Question

During cold weather periods, vapor in a room diffuses through the dry wall and condenses in the adjoining insulation. This process decreases the thermal resistance and degrades the insulation. Consider a condition at which the vapor pressure in the air at \(25^{\circ} \mathrm{C}\) inside a room is $3 \mathrm{kPa}$, and the vapor pressure in the insulation is negligible. The \(3-\mathrm{m}\)-high and 10 -m-wide dry wall is \(12 \mathrm{~mm}\) thick with a solubility of water vapor in the wall material of approximately $0.007 \mathrm{kmol} / \mathrm{m}^{3}$. bar, and the diffusion coefficient of water vapor in the wall is \(0.2 \times 10^{-9} \mathrm{~m}^{2} / \mathrm{s}\). Determine the mass diffusion rate of water vapor through the wall.

Short answer

Answer: The mass diffusion rate of water vapor through the dry wall is approximately 1.889 g/s.

Step-by-step solution

List given information and identify the formula.

We are given the following information: - The vapor pressure in the air (\(P_{1}\)) is 3 kPa, - The vapor pressure in the insulation (\(P_{2}\)) is negligible, so we can consider it as 0 kPa, - The height (H) and width (W) of the drywall are 3 m and 10 m, respectively, - The thickness of the drywall (L) is 12 mm, - The solubility of water vapor in the wall material (S) is approximately 0.007 kmol/m³.bar, - The diffusion coefficient of water (D) vapor in the wall is \(0.2 * 10^{-9} \text{m}^2/\text{s}\). We will use Fick's law of diffusion to determine the mass diffusion rate of water vapor through the wall: \(J = -D \frac{\Delta C}{L}\) First, we will need to find the difference in concentration of the vapor on each side of the wall, which is related to the vapor pressures and the solubility.

Convert vapor pressures to concentrations using solubility.

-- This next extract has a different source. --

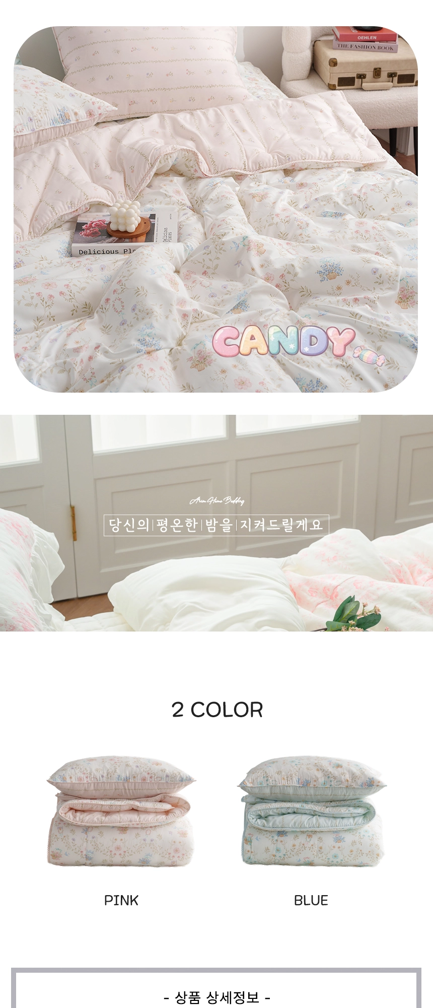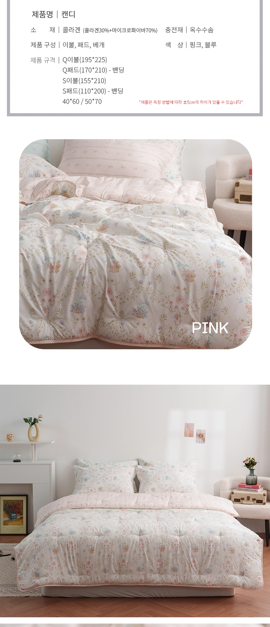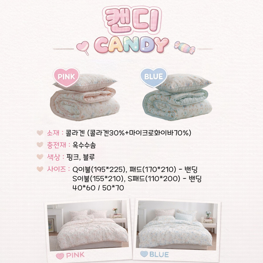 제품명 : 캔디 소재 : 콜라겐 (콜라겐30%+마이크로화이바70%) 충전재 : 옥수수솜 색상 : 핑크, 블루 사이즈 Q이불(195*225) Q패드(170*210) – 밴딩 S이불(155*210) S패드(110*200) – 밴딩 40*60 / 50*70

To find the concentrations (\(C_1\) and \(C_2\)) of the vapor on each side of the wall, we use the solubility (S): \(C_1 = P_1 \times S\) and \(C_2 = P_2 \times S\) Since \(P_{2} = 0 \,\text{kPa}\), \(C_2\) is 0. For \(C_1\), we have: \(C_1 = 3\, \text{kPa} \times 0.007\, \text{kmol/m}^3\text{.bar}\) Note that we need to make sure the pressure is in bars so the units align: \(C_1 = (3/100)\, \text{bar} \times 0.007\, \text{kmol/m}^3\text{.bar} = 0.00021\, \text{kmol/m}^3\) The difference in concentration is \(\Delta C = C_1 - C_2 = 0.00021\, \text{kmol/m}^3\).

Apply Fick's Law.

Now that we have the difference in concentration (\(\Delta C\)), we can use Fick's law to find the molar diffusion rate of water vapor through the wall: \(J = -D \frac{\Delta C}{L}\) \(J = - (0.2 * 10^{-9}\, \text{m}^2/\text{s}) \frac{0.00021\, \text{kmol/m}^3}{0.012\, \text{m}}\) \(J = - (-3.5 * 10^{-6}\, \text{kmol/m}^2\text{s})\) As the signs were only to indicate direction, we can discard the negative sign, and we get: \(J = 3.5 * 10^{-6}\, \text{kmol/m}^2\text{s}\)

Calculate mass diffusion rate.

Finally, we will convert the molar diffusion rate into a mass diffusion rate using the molar mass of water (18.015 g/mol): \(Mass\_Diffusion\_Rate = J \times Area \times Molar\_Mass\_Water\) \(Area = Height \times Width = 3\, \text{m} \times 10\, \text{m} = 30\, \text{m}^2\) \(Mass\_Diffusion\_Rate = (3.5 * 10^{-6}\, \text{kmol/m}^2\text{s}) \times 30\, \text{m}^2 \times 18.015\, \text{g/mol}\) \(Mass\_Diffusion\_Rate = 1.889\, \text{g/s}\) Therefore, the mass diffusion rate of water vapor through the wall is approximately 1.889 g/s.